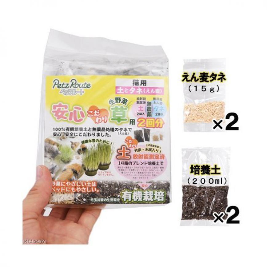 貓咪保健用品-日本Petz-Route-100-有機培養土-安心貓草-2回分-貓咪去毛球-寵物用品速遞
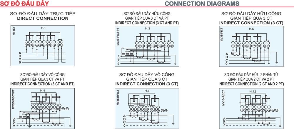 + 3 pha 4 dây: 57,8/100V; 63,5/110V; 120/208V; 127/220V;
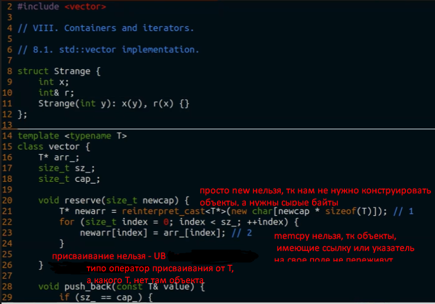 отличие push_back от emplace_back - emplace_back это метод, который принимает не объект T, а аргументы, из которых создает T на месте
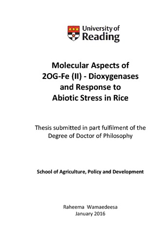 Wamaedeesa, R. (2016) Molecular aspects of 2OG-Fe (II) - dioxygenases and response to abiotic stress in rice. PhD thesis, University of Reading.

--------------------------------------------------

**Exercise details:**
Take every line of the material and copy it exactly, leaving out the pictures.

**Response area:**
 貓咪保健用品-日本Petz-Route-100-有機培養土-安心貓草-2回分-貓咪去毛球-寵物用品速遞
 + 3 pha 4 dây: 57,8/100V; 63,5/110V; 120/208V; 127/220V;
 отличие push_back от emplace_back - emplace_back это метод, который принимает не объект T, а аргументы, из которых создает T на месте
 Wamaedeesa, R. (2016) Molecular aspects of 2OG-Fe (II) - dioxygenases and response to abiotic stress in rice. PhD thesis, University of Reading.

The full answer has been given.